Like that small dog in the grass,
resume the casual sprawl and keep sniffing.

     III. Interstices

A drip of stain between the slats that a hornet insists on possessing,
similar to the way that it can thrive on spring wishes,
            the way that the vicissitudes
stick to each other in warm weather,
            in the unheeded melt of confused expression,
the way that the attached web breaks free, twisting
            like a lost hair in a torrent,
leaving the head and its companion world isolated. It is like this
among essence, between the poles of remembrance and forgetting,
between the inscape of vision and phoneme extrusion. It is like that
in this way, the way a crippled branch resists
            the aggression of a common definition.
It is like that. Like the temptation of a merciful death.

     IV. Inseam

The unseen filler in the air annuls its blend with an open space’s instants.
            It’s new job is serious,
instantaneous, and the day is kept long
            so its removal will be difficult, an injury pressing
the numinous and the sun’s experience.

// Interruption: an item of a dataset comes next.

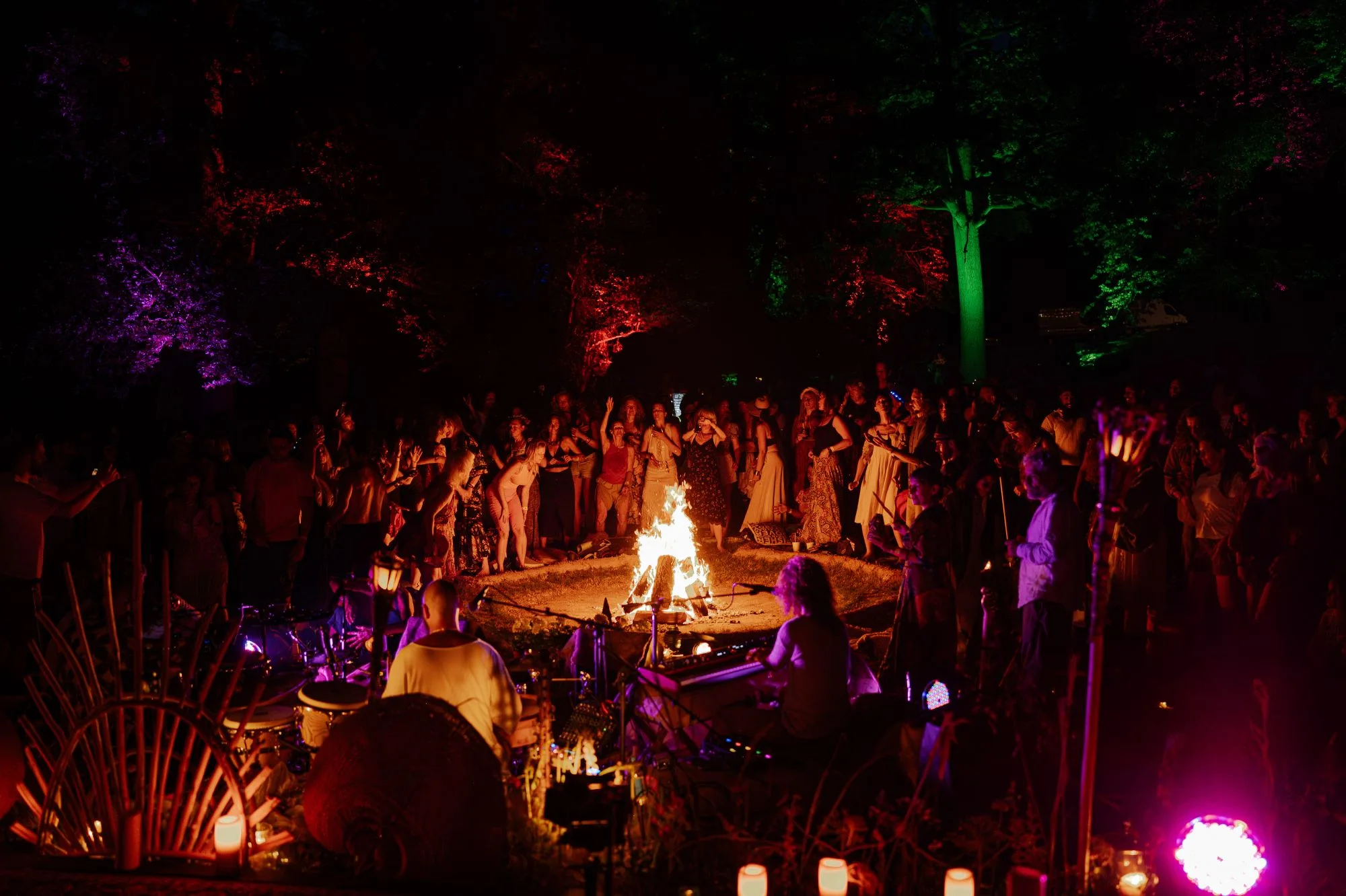 The Fireside Sessions spark the Solstice celebration’s shift from day into night & offer a magical and powerful experience around the fire and under the stars in Wasing’s Sacred Glade. Fire serves as a central and focal element, infusing our gatherings with prayer and ceremony and anchoring the energy we generate to offer back to the land.

All day continues,
            claiming the germ of presence is
the final toll taken on a handsome worm, dehydrated, ready-to-be-cherished,
curled into a scroll paying tribute to the luminous (loom in us).
            After this rewarding situation,
this surprising menace,
like the park ducks rehabilitated to frolic,
            a typical past follows.

     V. Microtubules

All that time bare wood spends waiting for an orange rind to be dismembered,
he or she introduces the lumen, its purpose unclassified,
            the float of misshapen truth
appearing in and out of phase with the register of accidental memories, blind connected,
almost as if there were an incandescent foam for an unspecified light to arc across,
            to burn an image
with an irresponsible flash, where the determined genes of a stick man insist on
            gathering to point uphill,
like a migrating bull.

     VI. Circuit Board

The long intestine reversed
confirms commitment to the greater flow of traffic,
            to the greater practice of
an embarrassing amount of individual movement across a manufactured slope,
            across the plowed expanse of a grid numbered with the remnants of antonyms,
the ones opposed to the growth of the self in
            an age of electronics, in an age of indecision—
beef jerky and silicon ever after.
Considering this kind of ending,
unlike so much of the star jasmine’s confession ending in the garden,
            the yellow pollen settles on all the visitors’ clothes,
the fragrance contaminating them
            as they excuse themselves to effect a distant condition.

     VII. Keepsake

Nothing stays fresh as long as disappointment,
the stain on the forehead turned to white ash with every exposure to the present,
every surface irritated by the dust of careless initiatives,
            dust of expressive whims,
grit blown through the pensive filters, memento dust,
            ordinary house dust
returned to the inimitable need to be enraptured
            —like the cultivator of the rose.